Klapper shared some incredible stories of recently rescued pups. She described Harry, a traumatized dog pulled from a transport truck who spent weeks sleeping upright with one eye open. After nearly three months in foster care, Harry is now thriving in a home with canine siblings.
Run 2 The Rescue has also taken on large-scale emergency missions, including rescuing 77 former laboratory dogs whom Klapper refers to as “double survivors” saved first from experimentation and then from slaughter. All were ultimately placed with the help of rescue partner Kindness Ranch Animal Sanctuary in Wyoming.
When asked why international rescue matters when so many animals need help domestically, Klapper is direct: these dogs face unimaginable abuse, painful deaths, and no chance of rescue without outside intervention.
“This isn’t about choosing one group of animals over another,” she explains. “It’s about responding where the suffering is most extreme and the stakes are life or death.”
Beyond rescue, Klapper provides extensive pro bono legal work for animal advocacy organizations across species, from factory farming to the fur trade.
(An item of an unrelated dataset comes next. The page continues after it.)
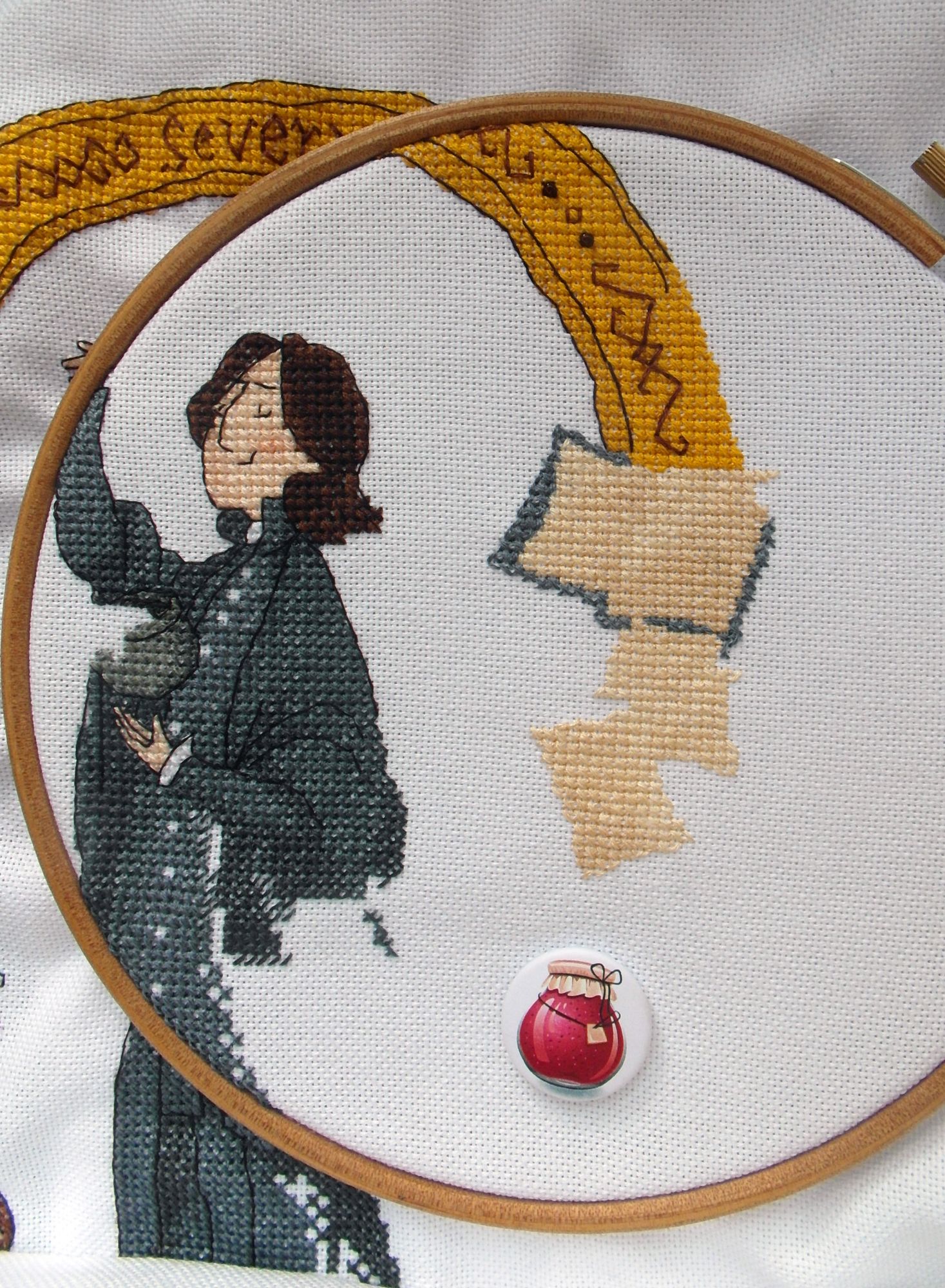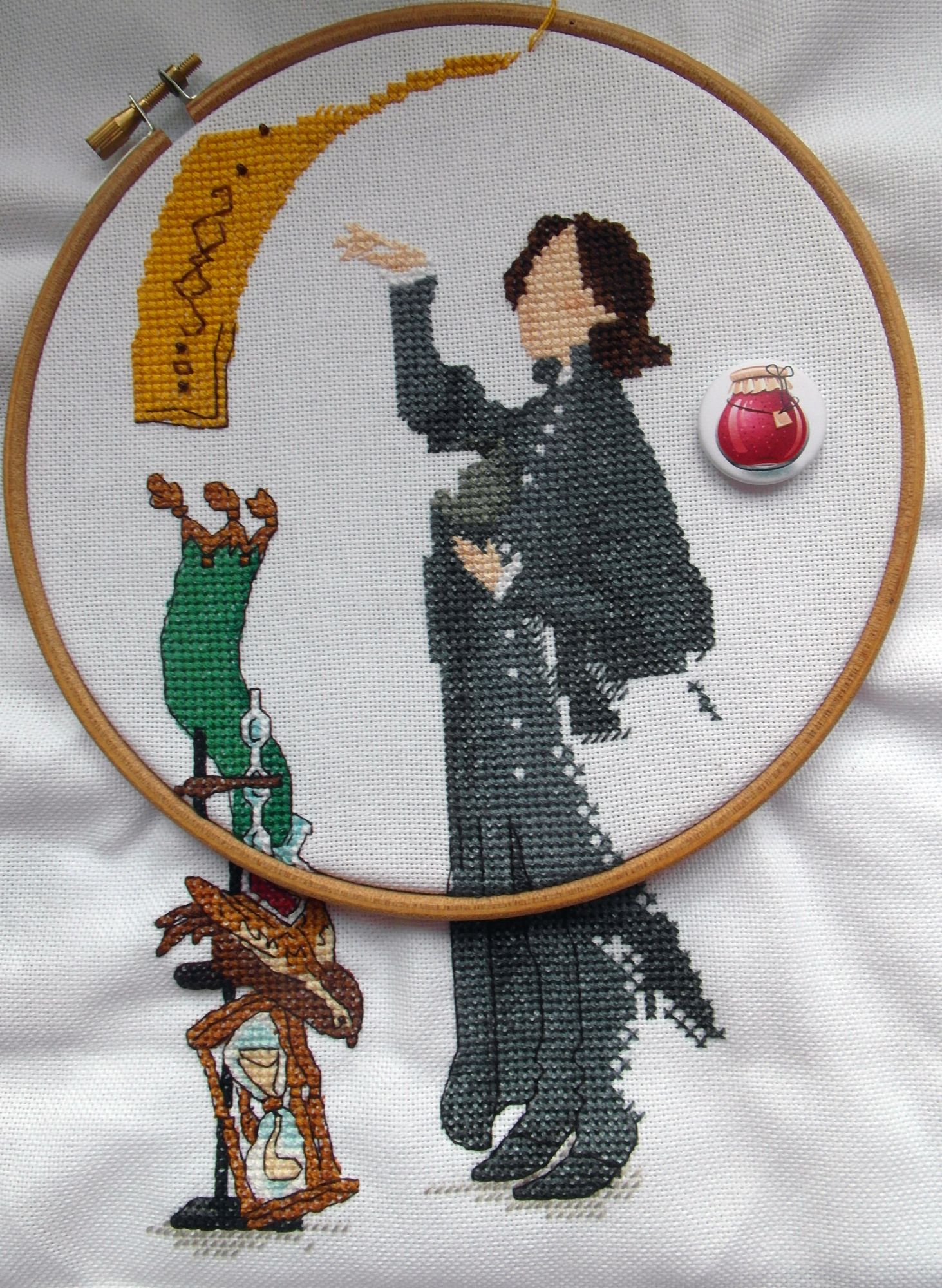 22 июня 2017 Прежде всего традиционно объяснюсь – я должна была как только, так сразу. Так вот сейчас реально «так сразу». Я собиралась красиво уходить в восход на новую работу – вместо этого на текущей мне доверили ещё парочку сверхважных периметров и годовую оценку выставили такую, что я ажно прослезилась… Я даже не успела начать искать, а они уже подготовились. Есть в людях какая-то космическая чуйка. Потому я вся ушла с работуном осваивать новые просторы и моя вышивка превратилась в проект ниточка-по-ниточке. Больше ни на что времени не было. В общем, я как всегда! Профессор зельеварения его обожанство Северус Снейп. Кодовое название «Снупа». Дизайн нумер 5 (пятый уже! ащееее!) по изображению Rosalia Radosti. Основа Zweigart 25 ct. Lugana 3835/100 (под профессора, только белое). Нитки - дикий ква-подбор. Песнь-чудеснь «Танцы под зельем». Не подумайте, что пропаганда наркотических веществ – зелья оне позабористей будут! Наркотикам – НЕТ, зельям – ДА! К Северусу я отношусь с особым пиететом, потому всё, что с ним происходило – это скорее знак глубочайшего почтения и огромной любви, нежели творческий беспредел (хотя не без него, канешн) Началось вся моя истуар д’амур, как я уже и сказывала, с Дракотана. Последний был прекрасен без извилин, Снупа же был так себе. Или даже совсем так себе. Или – чего уж там – настолько никак, что даже не по себе. Но я решила, что либо я его подлечу, либо не вышью, что тоже хорошо – я тогда благотворительница и поддержательница творчества Кати Мешковой выхожу, особенно той его части, которая про ГыПэ. В общем схему я взяла с тем, чтобы не вышить . Уже заканчивая Рональда, я начала прикладывать свой глаз на следующую жертву. Впервые воспользовалась рандомайзером – я же всё хочу, так пусть он мне поможет! Ага. Сейчас. Оказалось, что я хочу всё, но немножко не всё. Моя внутренняя хочуха уверенно указала на Хагрида, который сразу был извлечен и даже начал готовиться. Но подойдя к самому краю обрыва Рыжего, меня обуяла гордыня и самоуверенность. Что мне Хагрид, который, как и Дракотан, прекрасен всеми извилинами?! Я же вон, какая крутая и творческая! Давайте мне сюда, то, чего не может быть. В этом списке профессор был в единственном экземпляре. Что выходило по деталькам Розалии, и что имеет место быть на самом деле у госпожи Роулинг: несчастный одинокий Северус Снейп в пучине саморефлексии на фоне безысходности бытия, детских комплексов и травматических фиксаций, возникших в том же нежном возрасте. Всё это понятно – не всем быть коммуникабельными филантропами с симптомами хронической экстраверсии. Есть ещё и интроверты (белые и пушистые), которые жестоко страдают в этом мире экстравертов. Моя, как наикачественнейший интроверт, весьма понимает. Моя, прошедшая километры пути, чтобы научится здороваться с людьми без инфаркта, весьма сопереживает. Это сейчас я легко заменяю собой табор цыган и полтора медведя, но это результат огромной работы над собой и в себе. Так вот у Розалии Северус фонит несчастьем и весь про внутренние проблемы. А меж тем, он блестящий мастер зелий, умничко, красатолечко и прочая-прочая в степени сверх. Потопали по деталькам : Часы песочные – видимо оне для тщетности и скоротечности бытия. Наверное. Я их прекачественно причесала. По схеме центральная часть вообще коричневое пятно – я насыпала недокерстиков – стало лучше. Н

She sees a clear connection between dogs in the meat trade and animals raised for food worldwide.
“They’re all confined, exploited, and killed. It’s time we think about all animals, not just the ones we call companions,” she says.
The most impactful ways the public can help are through education, contributions, and sharing the organization’s work. Every donation helps fund veterinary care, rehabilitation, and the complex logistics required to save dogs from the dog meat trade.